Ville État, Singapour est plus connectée que la plupart. Elle est en train d’installer des capteurs à rythme accéléré dans l’espoir d’avoir le plus de données possibles. La municipalité a déjà un système de mapping de toute la ville qui compte parmi les plus sophistiqués du monde. Plus intéressant encore, elle accepte de confier à des « hackathons civiques » la recherche de certaines solutions et permet, pour cela, aux hackers d’accéder à des données publiques comme privées.
San Francisco peut faire mieux
Je me rends compte que je n’ai pas encore parlé des États-Unis et notamment de San Francisco, point focal de toutes nos attentions quand il s’agit de technologies de l’information. Ça n’est pas seulement un signe de mon intérêt pour ce qui se passe « ailleurs ». Ils sont en retard sur l’Europe dans ce domaine. Et, dans onze ans, l’Asie prendra la tête alors que le nombre de villes « intelligentes » sera passé de 21 (2013) à 88, selon un rapport du cabinet IHS Technology qui les définit comme « ayant déployé ou étant en train de piloter l’intégration de solutions TIC dans au moins trois domaines fonctionnels de la ville », comme les transports, l’énergie et la sécurité.

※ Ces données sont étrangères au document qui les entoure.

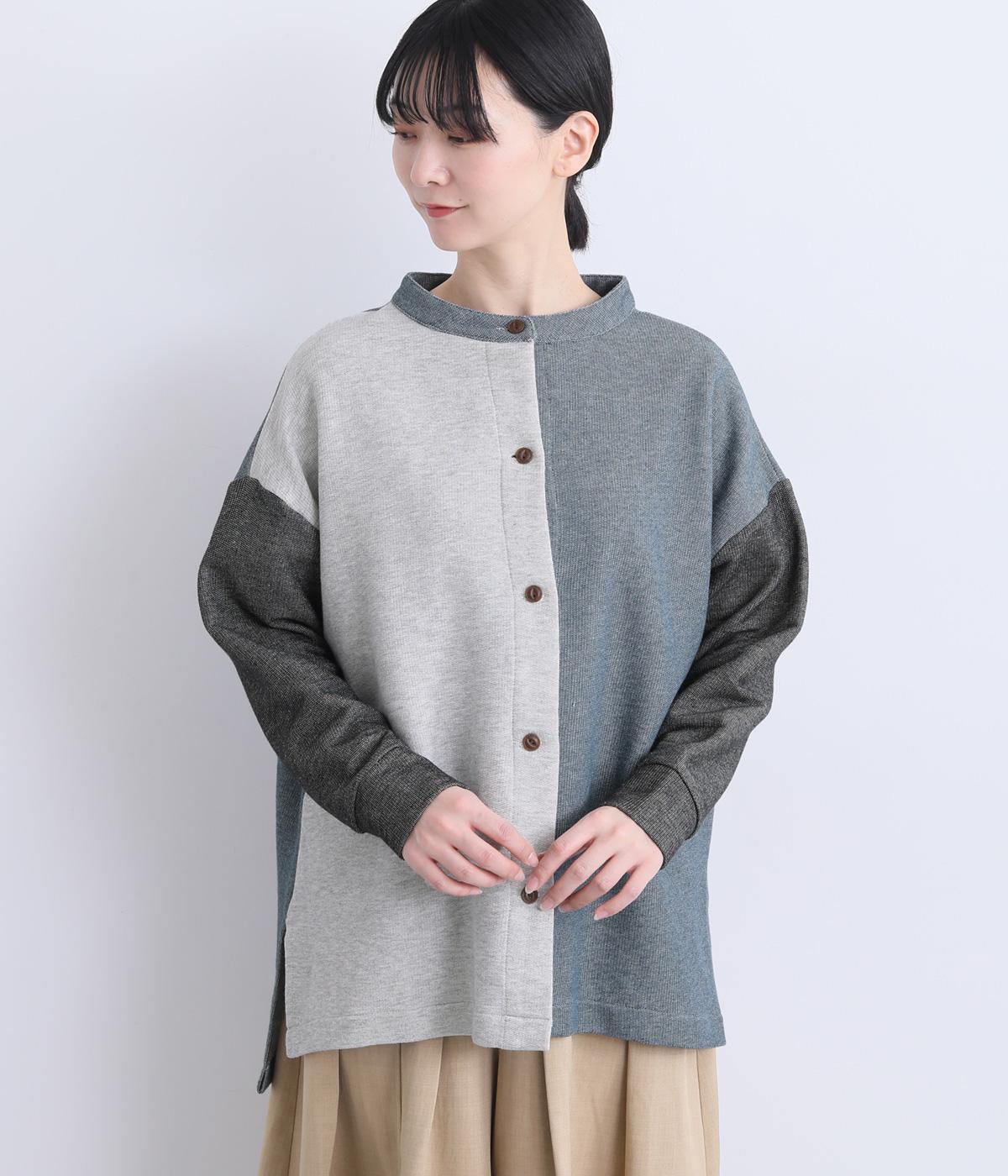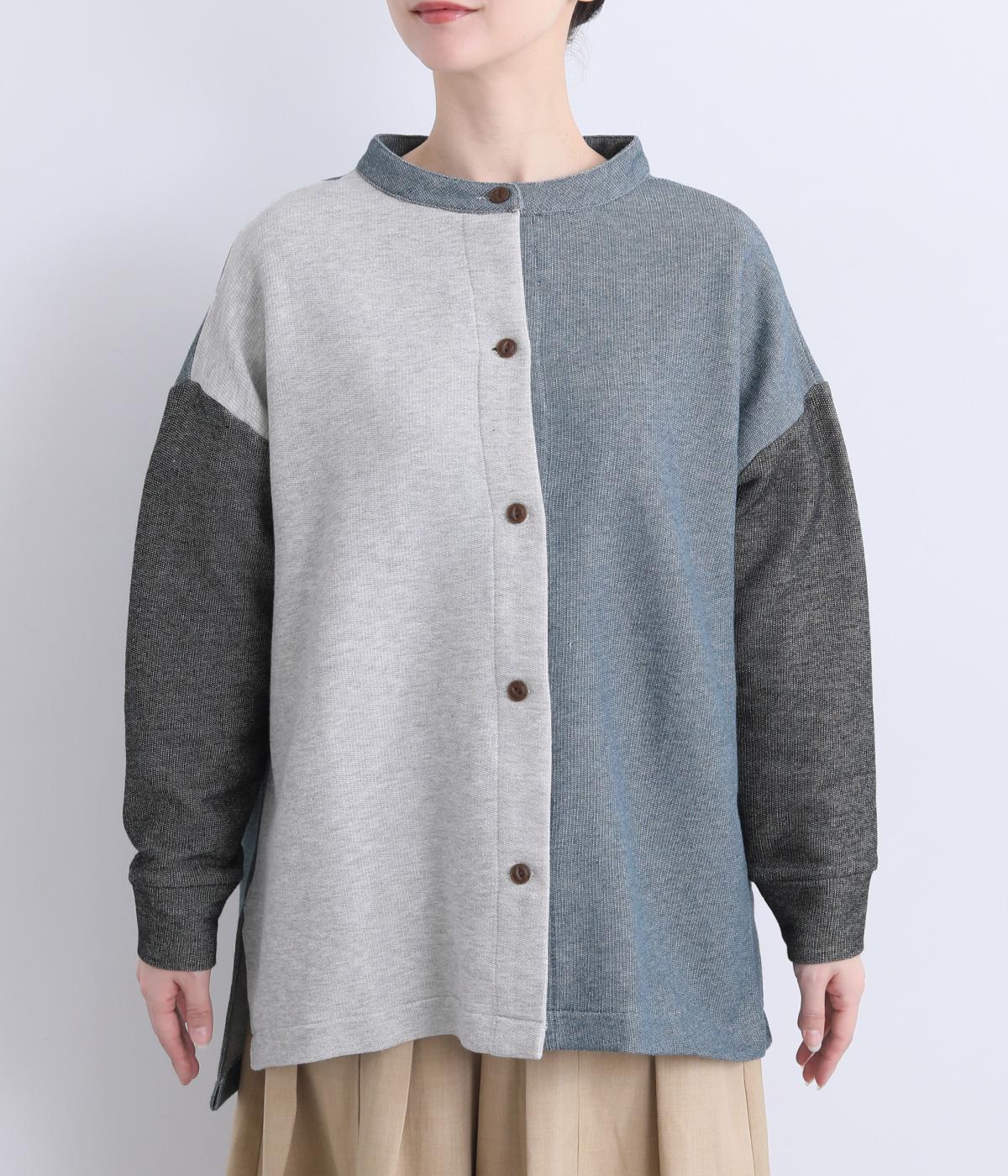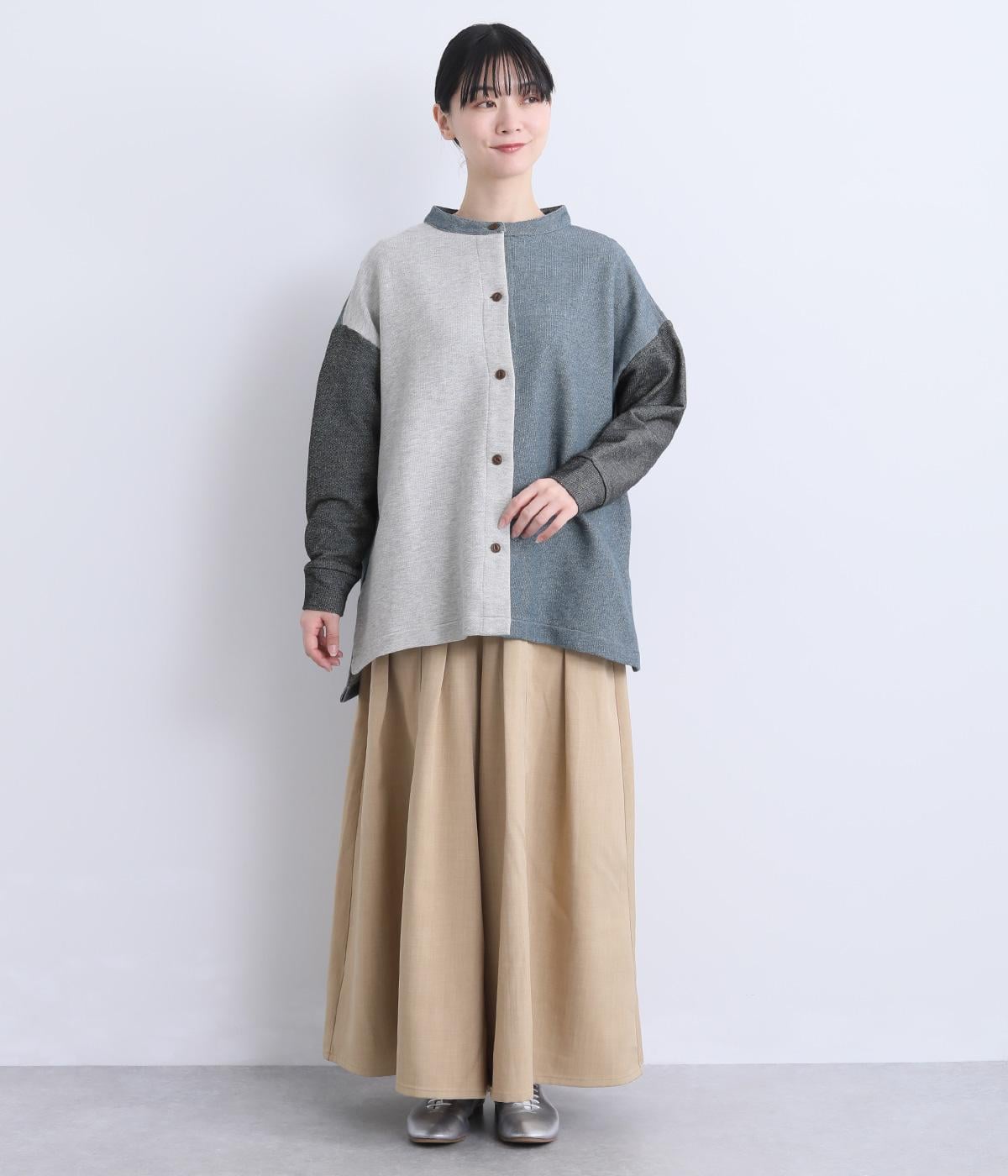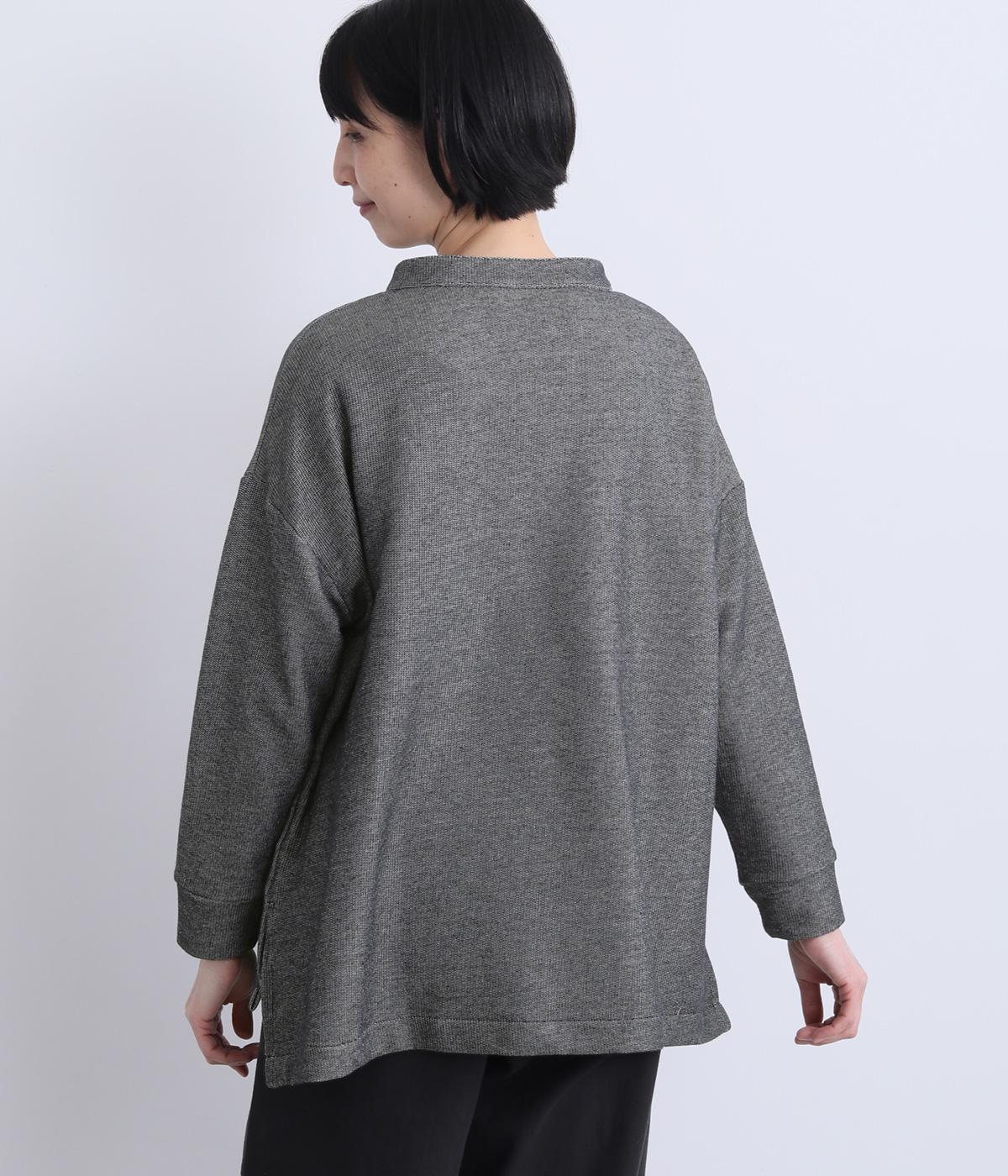 身幅にややゆとりを持たせてラフに羽織りやすいワイドカーディガン。すこし立ち上がったクルーネックが顔まわりに適度な抜け感を与えます。前後差のある着丈にサイドスリット入りでボトム合わせもすっきりと。

San Francisco fait bien partie du lot de tête (à côté de New York et de Boston) mais pas d’une façon vraiment impressionnante puisque, parmi les réalisations retenues, on retient : près de cinq kilomètres de WiFi gratuit sur Market Street, l’artère principale de la ville ; des déchets soigneusement triés pour le recyclage ; l’existence de 100 bornes d’alimentation pour véhicules électriques.
Le protocole de Barcelone
Barcelone, qui a lancé quelques gadgets connus comme les capteurs dans les poubelles publiques pour savoir quand il faut passer recueillir les ordures, est souvent considérée comme une référence. C’est là que se tient chaque année l’événement le plus important sur le sujet, le Smart City Expo World Congress. De façon plus discrète mais plus ambitieuse encore, elle propose un protocole pour villes intelligentes qui aspire à être, pour ces dernières, ce qu’est l’Internet Society pour Internet : le lieu d’élaboration et d’adoption des standards auxquels les membres peuvent se référer.
C’est ainsi qu’est née la City Protocol Society, basée en Californie, dont le président n’est autre que Manel Sanromá, responsable de l’informatique pour Barcelone. Ce dernier me l’avait présenté l’an dernier comme une instance qui « comme le G8 anime le monde des nations, animerait celui des villes, ce monde nouveau qu’il faut inventer ». Il compte, pour y parvenir sur la collaboration des villes (au centre), des entreprises participant à leur développement, des universités et de la société civile.
Sanromá m’avait d’ailleurs expliqué :
« Barcelone est une vision politique et un business. C’est une vraie valeur dans le monde des villes que nous avons l’opportunité de coanimer, en promouvant des accords, des recommandations sur les meilleures pratiques détectées par la communauté. »
Toutes les villes plus ou moins intelligentes que j’ai visitées aspirent à devenir « modèle » pour la simple raison qu’elles peuvent ainsi vendre leur savoir et les compétences acquises dans leur propre évolution. Mais les modèles n’existent pas ou s’appliquent mal à la complexité urbaine.
Les technologies permettent de contribuer à l’intelligence des villes mais elles ne changent pas ce qu’écrivait Rousseau dans son « Contrat social » : « Les maisons font la ville, mais les citoyens font la cité. » C’est là qu’est le vrai défi.